OutputSpec controls the embedding output shape: a pooled vector or a dense grid.

OutputSpec(
    mode: Literal["grid", "pooled"],
    scale_m: int = 10,
    pooling: Literal["mean", "max"] = "mean",
    grid_orientation: Literal["north_up", "native"] = "north_up",
)

Recommended constructors:

OutputSpec.pooled(pooling="mean")   # shape: (D,)
OutputSpec.grid(scale_m=10)         # shape: (D, H, W), normalized to north-up when possible
OutputSpec.grid(scale_m=10, grid_orientation="native")  # keep model/provider native orientation

pooled

ROI-level Vector Embedding

Semantic meaning

pooled represents one whole ROI (Region of Interest) using a single vector (D,).

Best suited for:

  • Classification / regression
  • Retrieval / similarity search
  • Clustering
  • Cross-model comparison (recommended)

Unified output format:

Embedding.data.shape == (D,)

How it is produced:

ViT / MAE-style models (e.g., RemoteCLIP / Prithvi / SatMAE / ScaleMAE):

  • Native output is patch tokens (N, D) (with optional CLS token)
  • Remove CLS token if present, then pool tokens across the token axis (mean by default, optional max)

Mean-pooling formula:

\[ v_d = \frac{1}{N'} \sum_{i=1}^{N'} t_{i,d} \]

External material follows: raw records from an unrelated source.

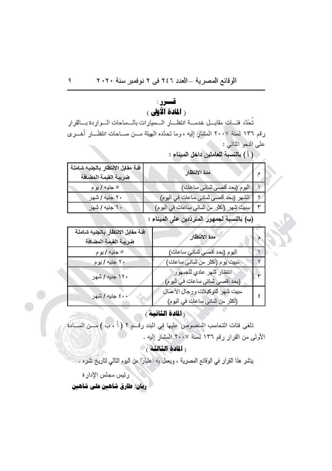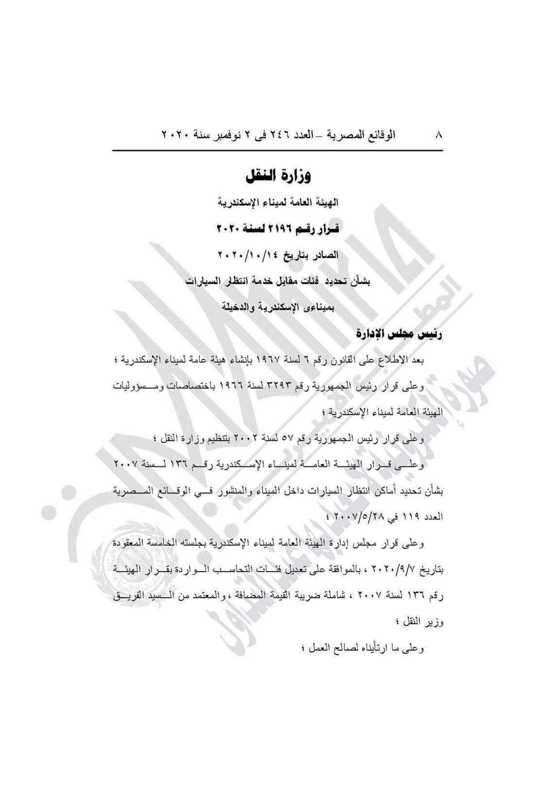 والقرار رقم 2196 لسنة 2020، بشأن تحديد فئات مقابل خدمة انتظار السيارات بميناءى الإسكندرية والدخيلة.
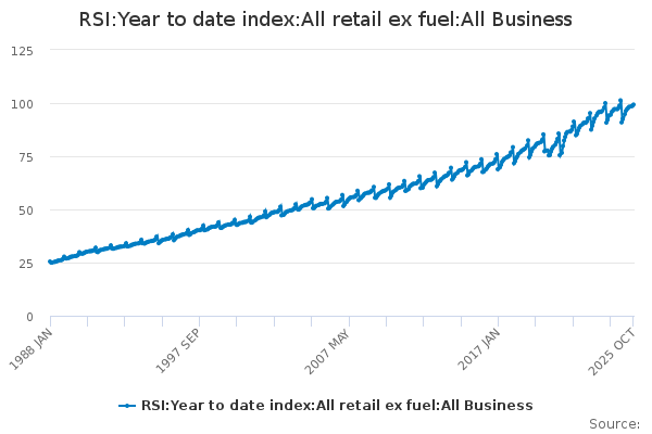 Download this time seriesRSI:Year to date index:All retail ex fuel:All Business
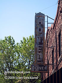 The Oliver Hotel is located in Santa Rosa, CA. The hotel still features an old faded out sign. 10-09
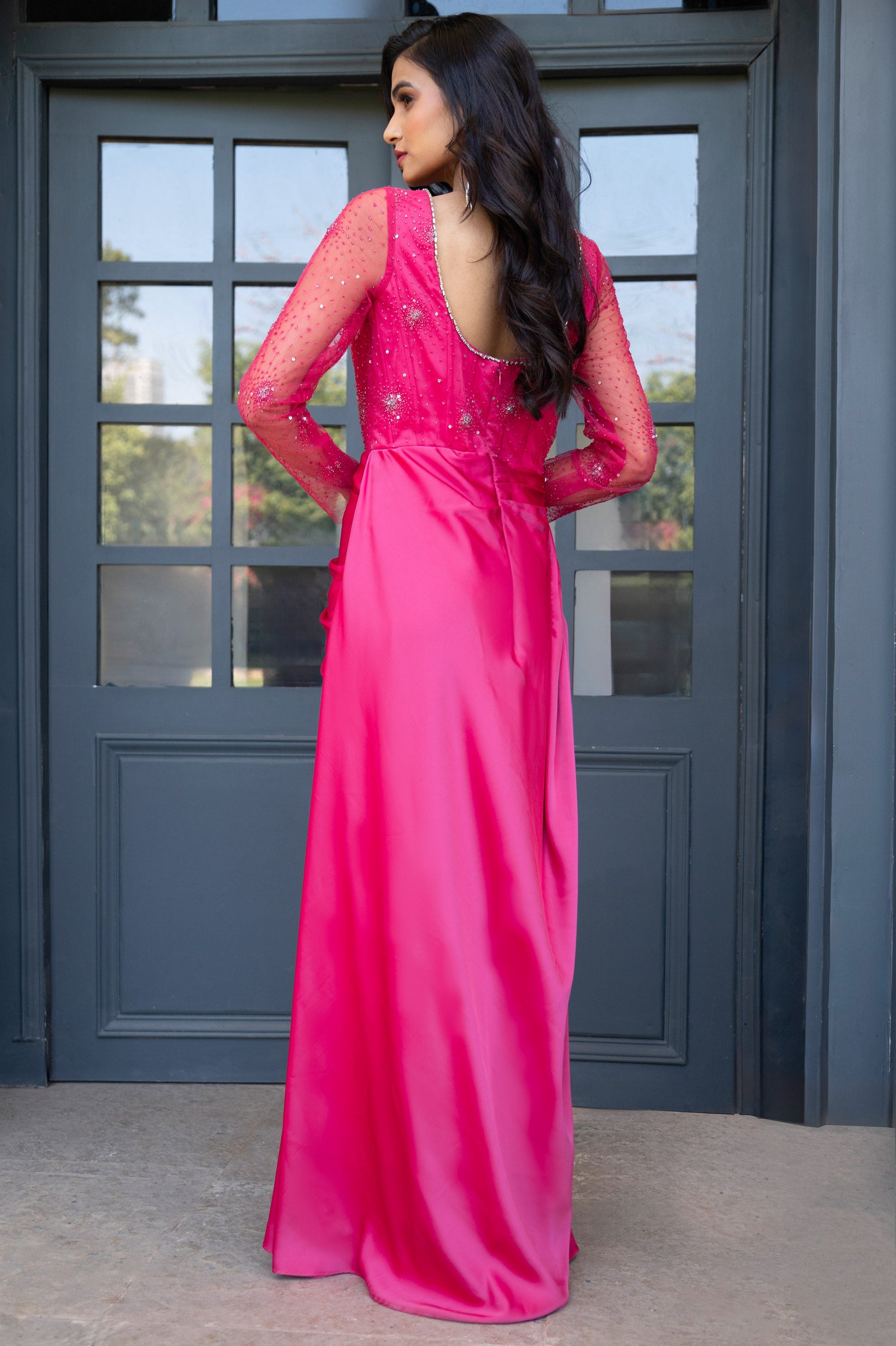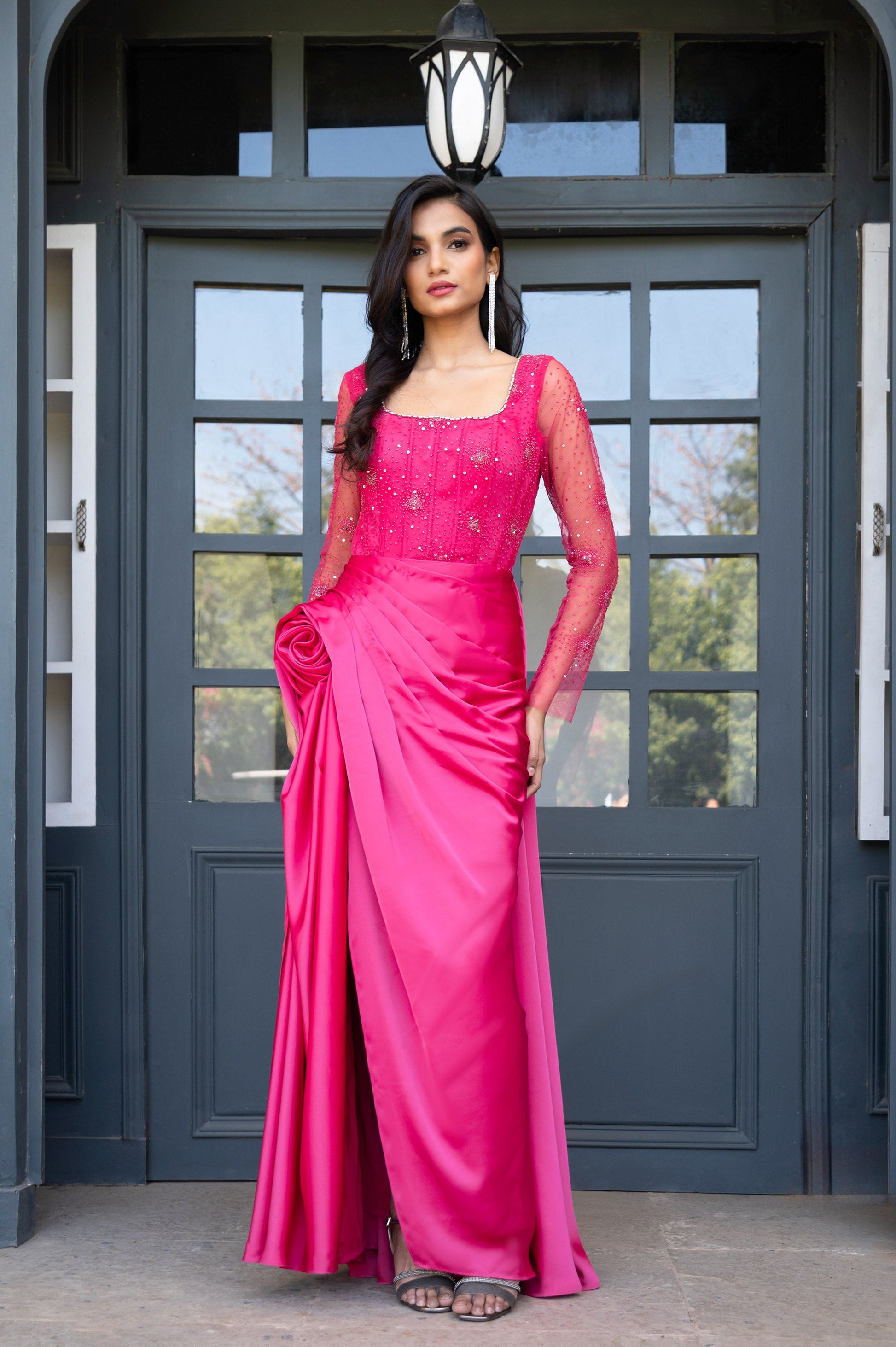 A striking fuchsia ensemble featuring a hand-embellished sheer-sleeve coat top and a sculpted draped skirt with a statement rosette detail.

Precomputed embeddings (e.g., Tessera / GSE / Copernicus):

  • Native output is an embedding grid (D, H, W)
  • Pool over spatial dimensions (H, W)
\[ v_d = \frac{1}{HW} \sum_{y,x} g_{d,y,x} \]

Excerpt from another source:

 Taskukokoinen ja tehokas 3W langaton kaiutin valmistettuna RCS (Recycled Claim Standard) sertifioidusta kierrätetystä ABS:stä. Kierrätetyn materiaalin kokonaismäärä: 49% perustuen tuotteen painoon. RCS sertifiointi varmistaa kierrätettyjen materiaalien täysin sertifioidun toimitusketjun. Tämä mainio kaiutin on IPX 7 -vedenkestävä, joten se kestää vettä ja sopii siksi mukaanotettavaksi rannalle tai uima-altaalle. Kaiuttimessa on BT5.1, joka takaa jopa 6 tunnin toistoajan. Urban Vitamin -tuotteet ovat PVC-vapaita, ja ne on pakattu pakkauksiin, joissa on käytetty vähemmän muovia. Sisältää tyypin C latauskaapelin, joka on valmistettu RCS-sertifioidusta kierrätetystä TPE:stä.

Why prefer pooled for benchmarks:

  • Model-agnostic and stable
  • Less sensitive to spatial/token layout differences
  • Easiest output to compare across models

grid

ROI-level Spatial Embedding Field

Semantic meaning

grid returns a spatial embedding field (D, H, W), where each spatial location maps to a vector.

Best suited for:

  • Spatial visualization (PCA / norm / similarity maps)
  • Pixel-wise / patch-wise tasks
  • Intra-ROI structure analysis

Unified output format:

Embedding.data.shape == (D, H, W)

Notes:

  • data can be returned as xarray.DataArray with metadata in meta/attrs
  • For precomputed geospatial products, metadata may include CRS/crop context
  • For ViT token grids, this is usually patch-grid metadata (not georeferenced pixel coordinates)

How it is produced:

ViT / MAE-style models:

  • Native output: tokens (N, D)
  • Remove CLS token if present, reshape remaining tokens:
  • (N', D) -> (H, W, D) -> (D, H, W)
  • (H, W) comes from patch layout (for example, 8x8, 14x14)

Precomputed embeddings:

  • Native output is already (D, H, W)

InputPrepSpec

Optional Large-ROI Input Policy

InputPrepSpec controls API-level handling of large on-the-fly inputs before model inference. This is mainly useful when you want to choose between the model's normal resize path and API-side tiled inference.

InputPrepSpec(
    mode: Literal["resize", "tile", "auto"] = "resize",
    tile_size: Optional[int] = None,
    tile_stride: Optional[int] = None,
    max_tiles: int = 9,
    pad_edges: bool = True,
)

Recommended constructors:

InputPrepSpec.resize()               # default behavior (fastest)
InputPrepSpec.tile()                 # tile size inferred from model defaults.image_size when available
InputPrepSpec.auto(max_tiles=4)      # choose tile or resize automatically
InputPrepSpec.tile(tile_size=224)    # explicit tile size override

You can also pass a string to public APIs as a shorthand:

input_prep="resize"   # default
input_prep="tile"
input_prep="auto"

Current tiled design (API layer):

  • Tile size defaults to embedder.describe()["defaults"]["image_size"] when available (can be overridden).
  • Boundary tiles use a cover-shift layout (for example 300 -> [0,224] and [76,300]) to avoid edge padding when possible.
  • Grid stitching uses midpoint-cut ownership in overlap regions (instead of hard overwrite).
  • tile_stride currently must equal tile_size (explicit overlap/gap configuration is not enabled yet), but boundary shifting can still create overlap on the last tile.
  • auto is conservative and currently prefers tiling mainly for OutputSpec.grid() when tile count is small enough (max_tiles).

tiles


Embedding

get_embedding / get_embeddings_batch return an Embedding:

from rs_embed.core.embedding import Embedding

Embedding(
    data: np.ndarray | xarray.DataArray,
    meta: Dict[str, Any],
)
  • data: the embedding data (float32, vector or grid)
  • meta: includes model info, input info (optional), and export/check reports, etc.